Great points.   If I understand hanzou's position correctly, it's not karate he has concerns with.  It's the way in which the karate is trained.    Doesn't Machida train karate differently than many other people?

Another question.  Do you guys think cross training is material to his success?   He is a karateka, but also a bjj black belt and has competed in sumo.  


Sent from my iPhone using Tapatalk


----------



## Hanzou (Mar 3, 2015)

Steve said:


> Great points.   If I understand hanzou's position correctly, it's not karate he has concerns with.  It's the way in which the karate is trained.    Doesn't Machida train karate differently than many other people?



Exactly. 

And yeah, Machida's style of Karate is heavily influenced by his training in other styles. The idea that he's some sort of Karate purist is nonsense. He may market himself that way, but its not the whole picture. You can even see the influences of other styles when he fights.

I have no problem with "Machida Karate". In fact, I view Machida's style as something akin to my personal fighting style, due to our similar MA backgrounds (though I never took sumo).


----------



## Drose427 (Mar 3, 2015)

Steve said:


> Great points.   If I understand hanzou's position correctly, it's not karate he has concerns with.  It's the way in which the karate is trained.    Doesn't Machida train karate differently than many other people?
> 
> Another question.  Do you guys think cross training is material to his success?   He is a karateka, but also a bjj black belt and has competed in sumo.
> 
> ...



Right, hanzou had a bad experience. His school walked through things, had poor instruction, etc. Hes been very open about that and theres nothing wrong with his opinion. A good point that Tony made, was that hes wrong in thinking Karate has a standard method. In reality, School A and School B only are alike in that they have forms, Some form of SD, and free sparring. There really arent any standard drills, methods, etc for how Karate is trained. Within multiple schools of the same style, there may be a standard curriculum, but odds are it isnt taught in the same way. In Hanzous defense, nobody can expect him to think any different when his main exposure was at a poor school. Which is why these opinion arguments keep popping up lately

Cross Training has without a doubt helped his grappling and rolling, I was referring to his striking only.

As for training differently, I'm sure he pushes himself far harder. But him and GSP have both been very adamant about still training in forms, Step Sparring, etc at their traditional schools in the same way that Spider Silva still actively throws on the WTF gear and finds time to train it.


----------



## Tony Dismukes (Mar 3, 2015)

Steve said:


> Another question. Do you guys think cross training is material to his success? He is a karateka, but also a bjj black belt and has competed in sumo.

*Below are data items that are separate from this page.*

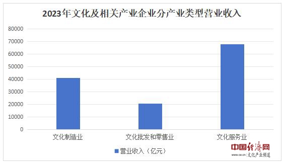 分產(chǎn)業(yè)類型看,文化制造業(yè)實現(xiàn)營業(yè)收入40962億元,比上年增長0.6%;文化批發(fā)和零售業(yè)20814億元,增長6.1%;文化服務(wù)業(yè)67739億元,增長14.1%。
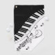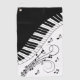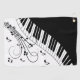 Classic black and white keyboard with a curved flair. Added music notes add a festive look.
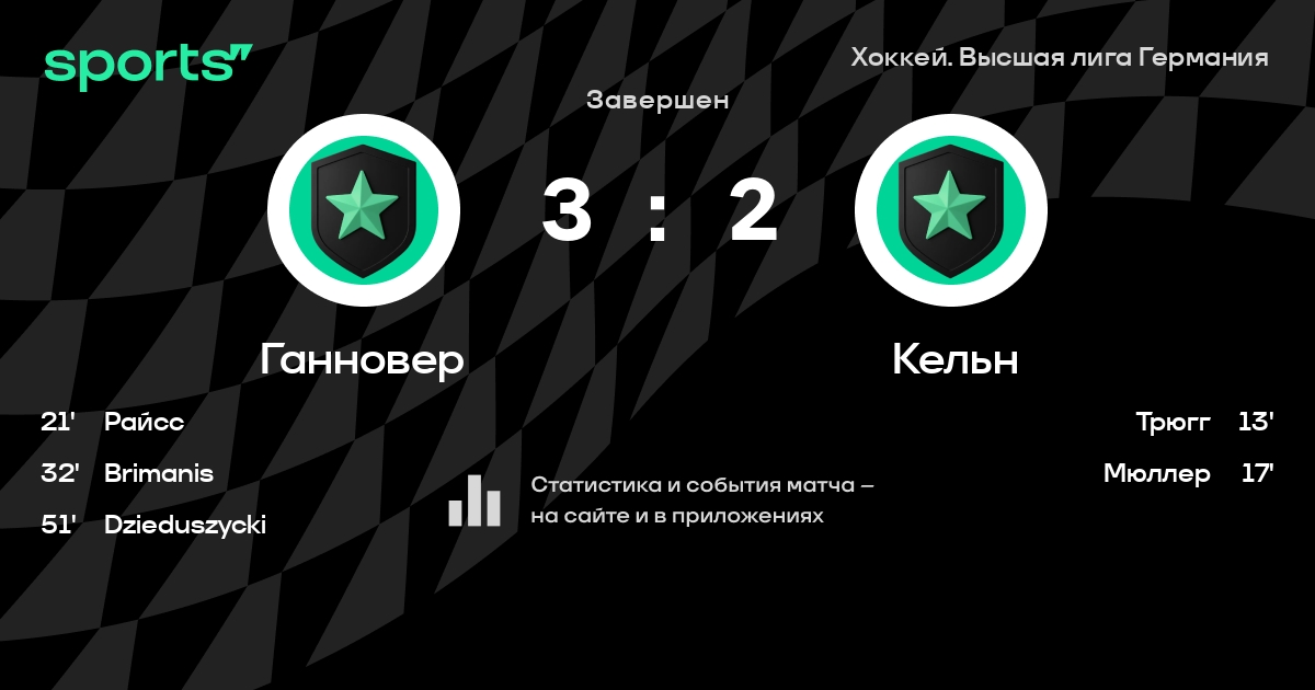 В прошедшем матче в рамках турнира Хоккей. Высшая лига Германия состоялась встреча команд Ганновер - Кельн
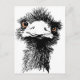 A delightful pen and ink rendering of an emu head on with only the eyes coloured in bright golds. The face of this emu will bring a smile to anyone.
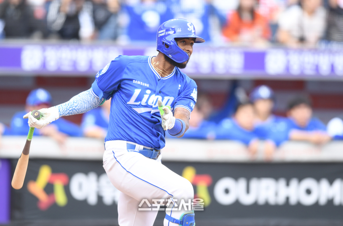 삼성 디아즈가 19일 대전 한화생명볼파크에서 열린 2025 KBO 포스트시즌 플레이오프 2차전 한화와 경기 3회초 1사1,3루 1타점 2루타를 치고 있다.

It's relevant to his success in MMA in that he's not worried about being taken down. His sumo and wrestling help him with takedown defense and his BJJ means that he can handle himself on the ground. That means he doesn't have to hold back with his striking for fear of takedowns.



Steve said:


> If I understand hanzou's position correctly, it's not karate he has concerns with. It's the way in which the karate is trained. Doesn't Machida train karate differently than many other people?





Hanzou said:


> Machida's style of Karate is heavily influenced by his training in other styles. The idea that he's some sort of Karate purist is nonsense. He may market himself that way, but its not the whole picture. You can even see the influences of other styles when he fights.





Drose427 said:


> As for training differently, I'm sure he pushes himself far harder. But him and GSP have both been very adamant about still training in forms, Step Sparring, etc at their traditional schools in the same way



I've watched Machida's "Karate for MMA" instructional DVD, and it's all stuff you could see from any other Shotokan instructor, including forms. I've also watched footage of him training. Once you take out the grappling aspects, it's pretty much what you would expect of a high-level competitive karateka.

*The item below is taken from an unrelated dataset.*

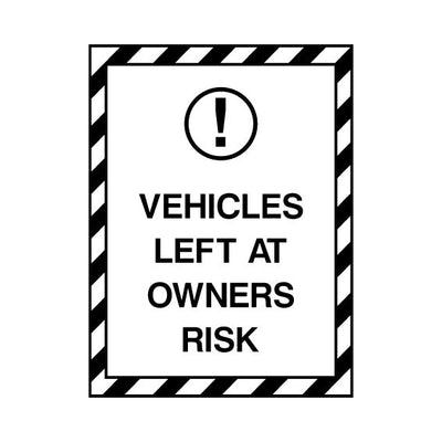 The Vehicles Left At Owners Risk sign falls under the Parking category. Ideal for use in car parks, driveways, and loading bays to manage vehicle access and prevent obstructions. This sign complies with UK health and safety standards, including BS ISO 7010, ensuring that it meets legal requireme
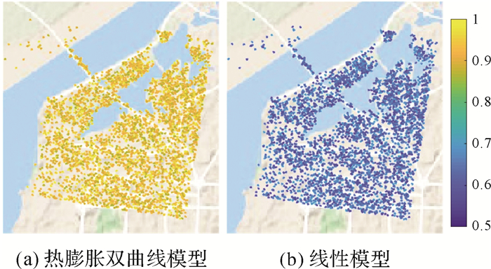由文献[34—35]可知,时间相关系数也可以作为模型建模精度的又一指标。对应PS点上的时间相关系数越高,则表明其建模精度越高。因此,本文计算了所有PS点在不同模型下的平均时间相关系数,结果如图 14所示,可以明显看出热膨胀双曲线模型的平均时间相关系数(整个图都是深黄色)整体显著高于线性模型结果。热膨胀双曲线模型在所有PS点上的平均时间相干系数STD为0.92,而线性模型为0.63。

I think what Hanzou is identifying (and disliking) as "traditional" martial arts is actually "watered down for the casual consumer" martial arts, i.e. WDFTCCMA. Unfortunately, if you walk into a school claiming to teach TMA, there's statistically very good odds that you will actually be getting WDFTCCMA.


----------



## MJS (Mar 3, 2015)

Mephisto said:


> The Myth of Pressure Testing How MMA has failed the martial arts.
> 
> The blog above is the epitome of what I find wrong with the mentality of a lot of traditional martial artist. I'm not sure why so many decry the value of mma when martial artists should embrace mma. If they think the fighters are good they're welcome to fight or go to an mma gym and prove their skill is superior to mma.
> 
> ...



MMA is not the ultimate proving ground, despite what some of the fanboys claim.  I do feel that they do offer a lot of what other others can benefit from, that being the intensity of training, the contact, resistance, etc.  Yeah, I know, everyone trains for different reasons, however, if you're serious about SD, then you need to train hard, you need to be able to take a good hit...basically, you need to put in the blood, sweat and tears.

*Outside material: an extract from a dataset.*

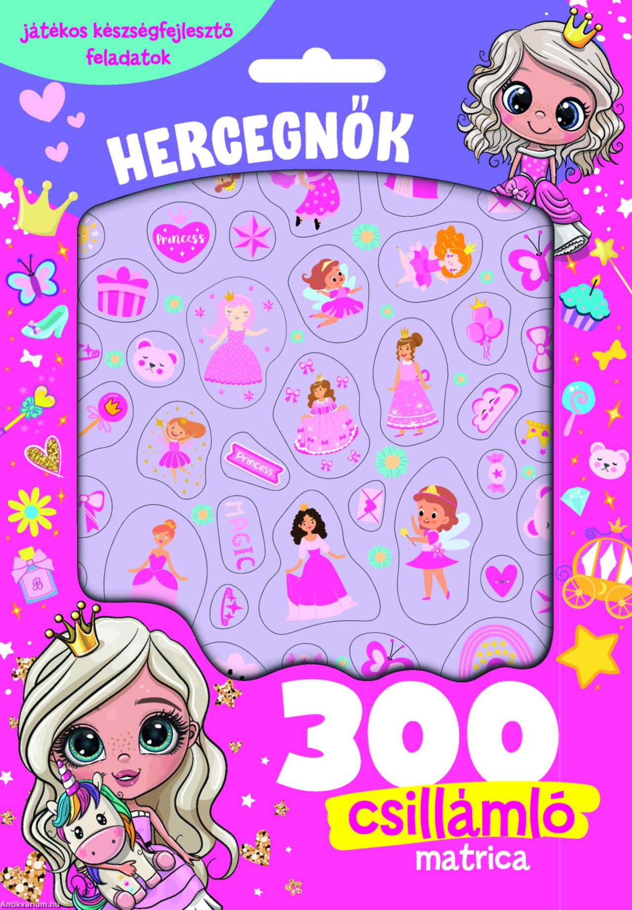 Lépj be a hercegnők varázslatos világába, ahol játékos feladatok, színezők és rejtvények várnak rád! A 300 csillámló matrica még különlegesebbé teszi az élményt - díszíts, alkoss és álmodozz kedvenc mesebeli jeleneteiddel. Az Hercegnők foglalkoztató tökéletes választás minden kis hercegnőnek, aki imádja a csillogást és a kreatív játékot!

Now, we also need to keep in mind that just because there are no weapons, no multi man attacks, etc, that their training methods are useless.  We should be able to take from them, and apply certain methods to multi man attacks, weapons, etc.  Grab a padded stick, or even a rattan one if you choose, gear up as needed, and have at it.  Have your training partner, really swing at you, and see what you can do.  Trust me, it's one hell of an eye opener, and you'll realize real fast that much of that static stuff, goes right out the window, when someone is really swinging, with the intent to hit you, to follow through and strike again, and again, etc.  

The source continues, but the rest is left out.